In a food processor, pulse the bread until small pea-sized crumbs. Place in bowl. Add minced garlic, parsley, basil and some olive oil until crumbs are just moistened (about 3 drizzles worth), combining ingredients well. Top each shrimp with about half a teaspoon of the crumb mixture and bake in oven about 5 minutes until shrimp turn pink and are firm to the touch.

Serve hot.

The pasta dishes I made were Giada De Laurentiis. The Turkey and Artichoke Stuffed Shells with Arrabbiata Sauce was a major success, but clearly the run-away hit of the evening was the Winter Manicotti with Swiss Chard, Sweet Pea and Fonduta Cream Sauce. Omg. Both were excellent and I highly recommend trying out the recipes. With the exception of filling in the manicotti shells, both were very easy to make, using affordable ingredients. And the manicotti was a huge success - the fonduta cream sauce (basically whole milk, cream and shredded fontina sheese) was to die for, and probably my new go-to bechamel-type sauce when I want a cheesier kick to it. I plan to repeat both recipes for our Christmas Eve dinner, and both are definitely getting added to the Escobar dinner rotation.

The struffoli (fried dough balls soaked in honey) and cannoli (ricotta cream stuffed cookie shells) were from the guido mart. I filled the cannoli myself to save money (a tip if you can handle a pastry bag yourself!), and my good friend Virginia and her mom made their killer tiramisu.

I made the holiday biscotti and was kinda pissed about this...

One day it came to me to make a biscotti with dried cranberries (red), pistachios (green), and white chocolate (white) for Christmas. I mean honestly, besides the flavors being great the color scheme would be totally cute for Christmas! While pulling up Giada's biscotti recipe I found she fricken makes one exactly like the one I had thought of. Poo on her. So I just used her recipe to save me time, but added a teaspoon of vanilla and subbed orange zest for the lemon because I thought it would go better. And instead of dipping them in white chocolate, I drizzled the chocolate over the them with a whisk creating a "snow" and "icicle" effect that of course no one but foodies picked up on. Nonetheless, they were delicious. Oh! And if you use her recipe, I recommend cutting down the temperature down to 325 degrees - my first batch burned too much and the second batch I used the lower temp and they came out fine. I could, also, have a super-oven... I dunno.
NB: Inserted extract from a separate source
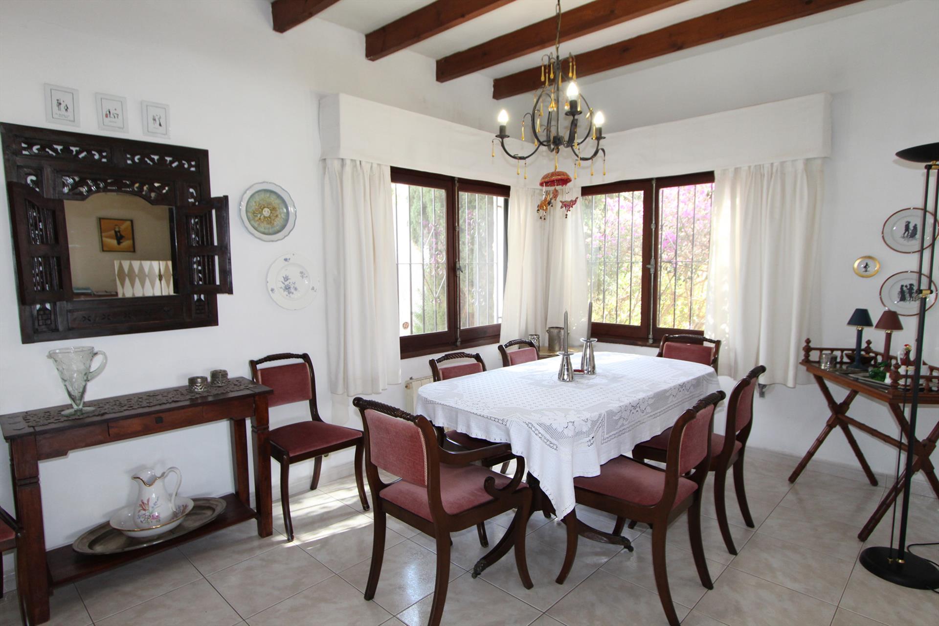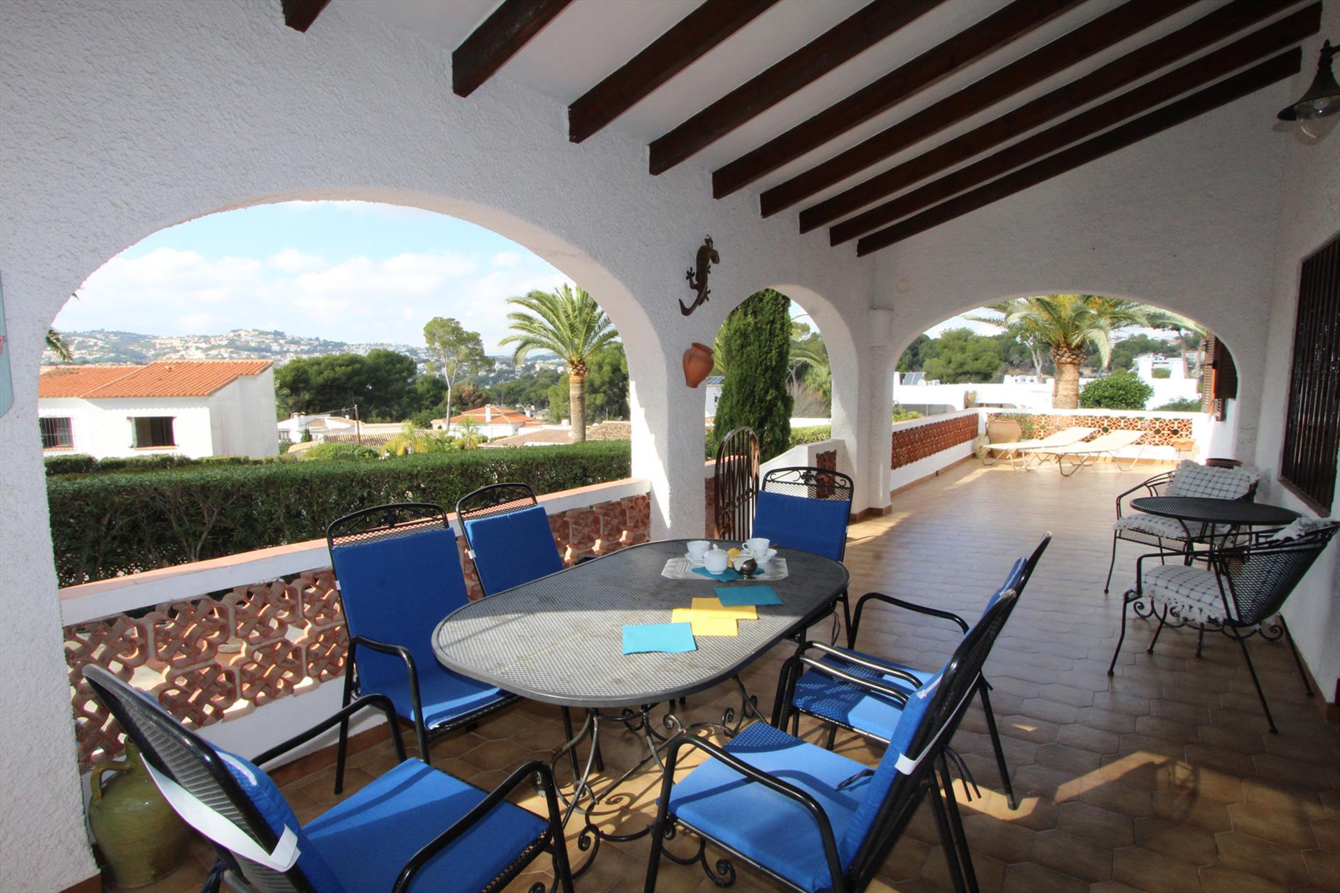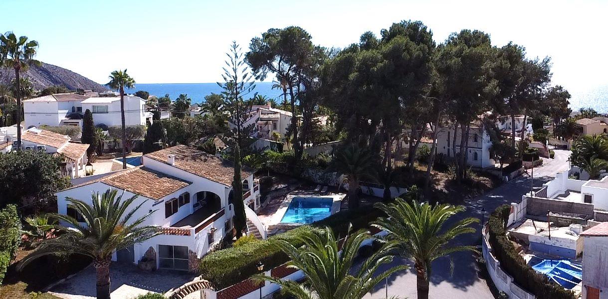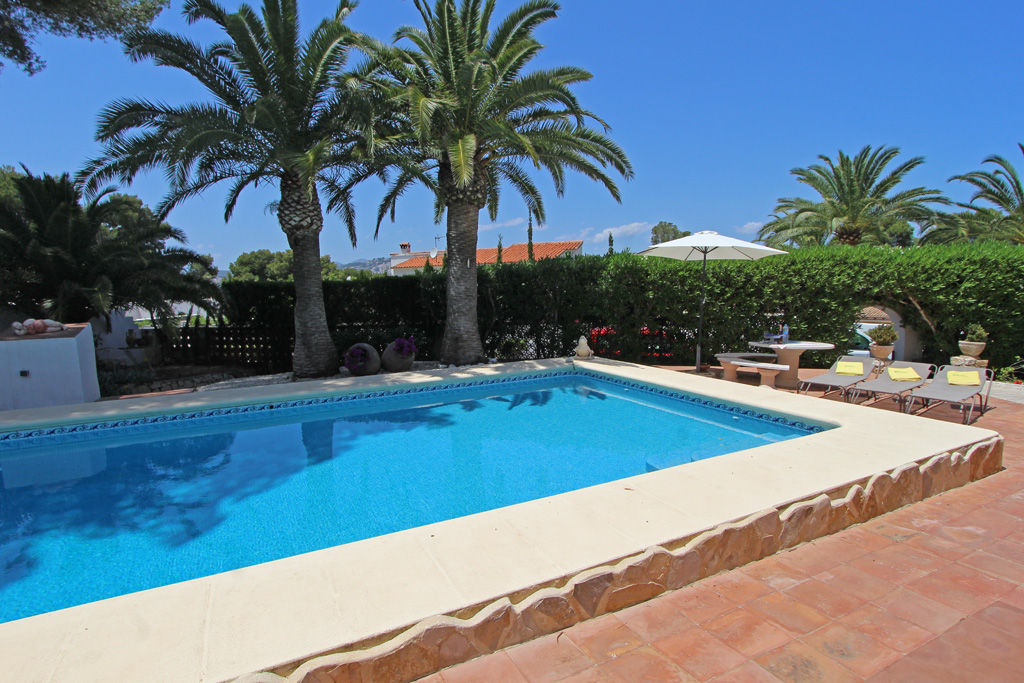 Belle villa classique avec piscine privée à Moraira, sur la Costa Blanca, Espagne pour 8 personnes. La maison de vacances est située dans une région résidentielle, près de restaurants et bars, de magasins, de supermarchés et d'un court de tennis et à 500 m de la plage de ampolla.

For party favors (which of course I forgot to give everybody) I gave out mini pannetones with a red/gree/white bow on top. My husband, Andrew's idea.

For drinks we had red wines which everyone brought, olive martinis, limoncello, pellagrino, ginger ale, and those limonata sodas that everyone loved. I should have bought more of those...

All in all, a great success, and I look forward to next year's!